Половину мяса решили продать на всякие расходы, остальное засолить и растягивать на целый год — до будущего поросенка, если купим да вырастим такого же. Повезли сначала в Плавск, да не продали: мяса там на базаре много, а покупателей — одни спекулянты. Тут подсказали нам, что выгодней всего в Москву съездить: там, говорят, и стать не дают за прилавок — с ходу можно распродать. Дело было как раз под Октябрьскую, и мы подумали, что и правда надо съездить в Москву. Вместе с нами собралась тетя Дуся Глухова — Политиха, как звали ее на деревне. У нее в Москве как раз мать живет, будет где заночевать.

Вечерним поездом четвертого ноября приехали в Тулу, провели ночь на вокзале, сидя на полу в уголке. Много было народу на вокзале, куда только едут. Разные на вокзале люди, и нехороших мы замечали: заснешь, зазеваешься — так и останешься с пустыми руками.

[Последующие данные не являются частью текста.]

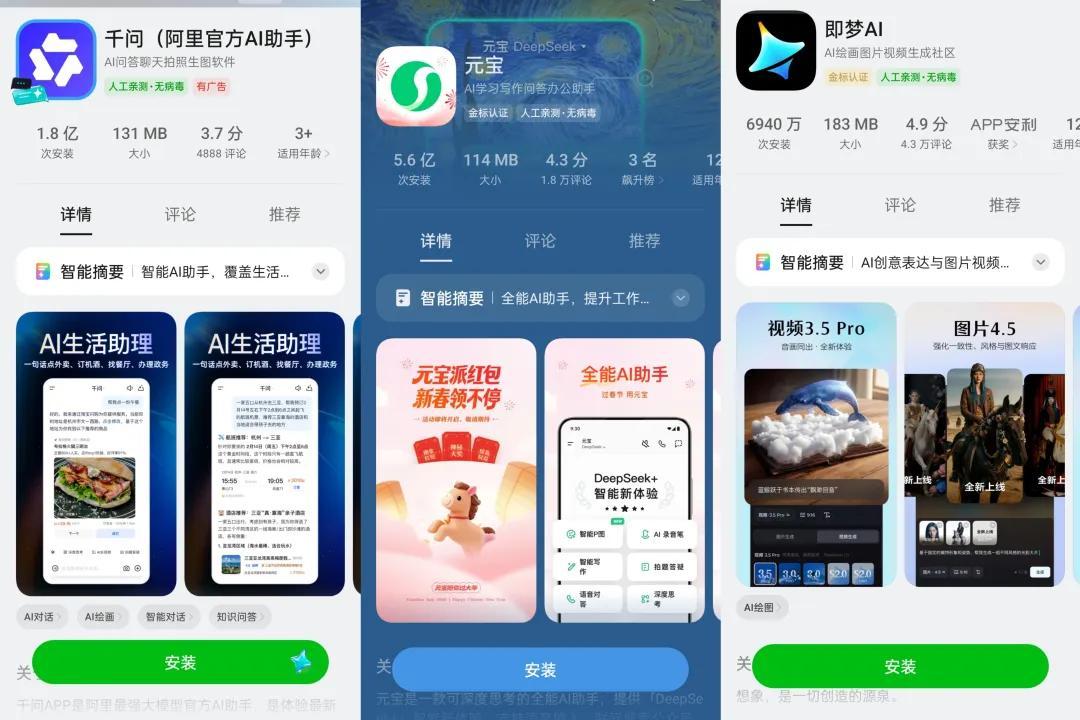 最直接的是營銷戰。根據DataEye研究院報告,2025年12月,原生AI市場中,投放素材量排名前五的依次是阿里千問、元寶、螞蟻阿福、豆包和AI抖音,佔據了大陸市場月投放素材量的96%。

На другой день чем свет подъехал к вокзалу какой-то мужик на телеге, спросил, не требуется ли кому подвода. На поезд из Тулы до Москвы билетов не достать, и мы обрадовались, попросили мужика подвезти нас до шоссе, откуда можно попутной машиной доехать. Провез нас недалеко, за мост, и там мы стали «голосовать». Сели на попутную машину уже перед обедом, а в пять часов вечера были в Серпухове. От Серпухова легче оказалось с билетами, сели на поезд и в двенадцать ночи благополучно доехали до Москвы. А там от Курского вокзала автобусом до Даниловского вала, ночевали у тети Дусиной матери.

Рано утром стали в очередь, чтобы заклеймить мясо. А нам отказали — не было справки от ветврача. Ну что тут делать, хоть домой поворачивать.

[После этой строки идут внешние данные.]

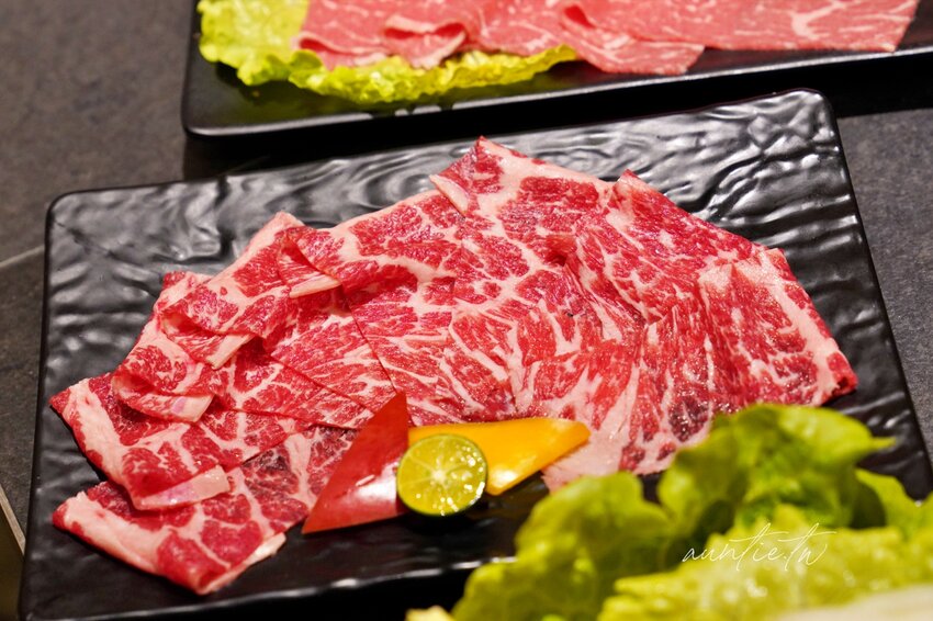 油花分布很均勻的澳洲M9和牛,很豪氣地切得大片,除了油脂豐富也比較有口感,吃多也不容易膩!

— Молчите, что-нибудь придумаем, — шепнула нам тетя Дуся.

Она посмотрела туда-сюда, забежала в дом, где проверяли на качество мясо и разные продукты, вышла оттуда через некоторое время и говорит:

— Сейчас я пойду клеймить, а потом уж и вы немного погодя. Килограмм отрежете, только и всего.

Так и заклеймили. Но дело было уже к вечеру, и продать в тот день ничего не удалось.

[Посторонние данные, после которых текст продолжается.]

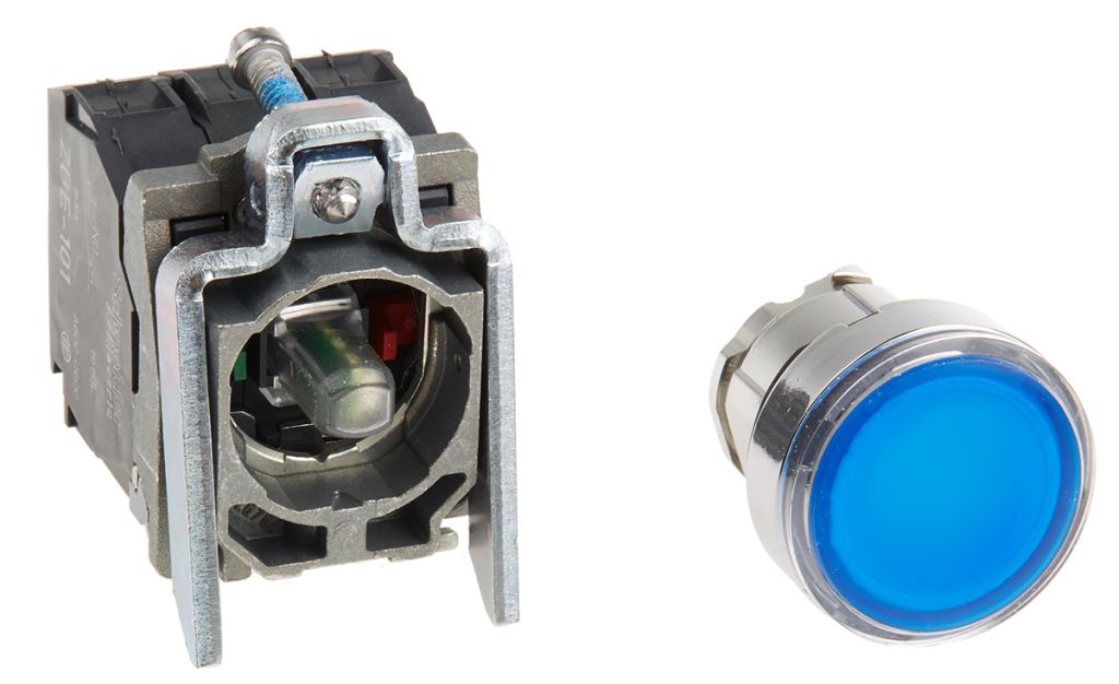 | Product description | Schneider Electric, Harmony XB4 Illuminated Blue Round Push Button, NO/NC, 22mm Momentary Screw |

Утром 7 ноября уплатили за место на рынке двести рублей и стали продавать. Но покупали почему-то немногие да и то по двести-триста граммов: наверно, кому нужно было, тот взял уже заранее, до праздника. Наша свинина шла по 220 рублей за килограмм, а у тети Дуси почему-то по 250, и продала она в один день. Стоим за прилавком, а меня в краску бросает — вот не люблю базарничать! Подойдет какая-нибудь тетенька городская — бледная, тонкая, по глазам видно, голодная.

— Ох, и дерете вы с нас, деревенские! — скажет.

— Дак всё нынче дорого, хозяюшка, — отвечает дедушка.

— Дорого… — передразнивает покупательница. — Пожили бы вы на карточках, узнали бы тогда, как это — дорого.

Посмотрит-посмотрит на мясо, возьмет кусок, потрогает, потом другой да третий. Повертит и так и этак — назад положит.

— Ну что, хозяюшка, хороший кусочек, — уговаривает дедушка.

— Знаю, что хороший. И деньги хороши, — отвечает та. И, поторговавшись до надоедливости, решается, наконец: — Отвесьте мне сто пятьдесят.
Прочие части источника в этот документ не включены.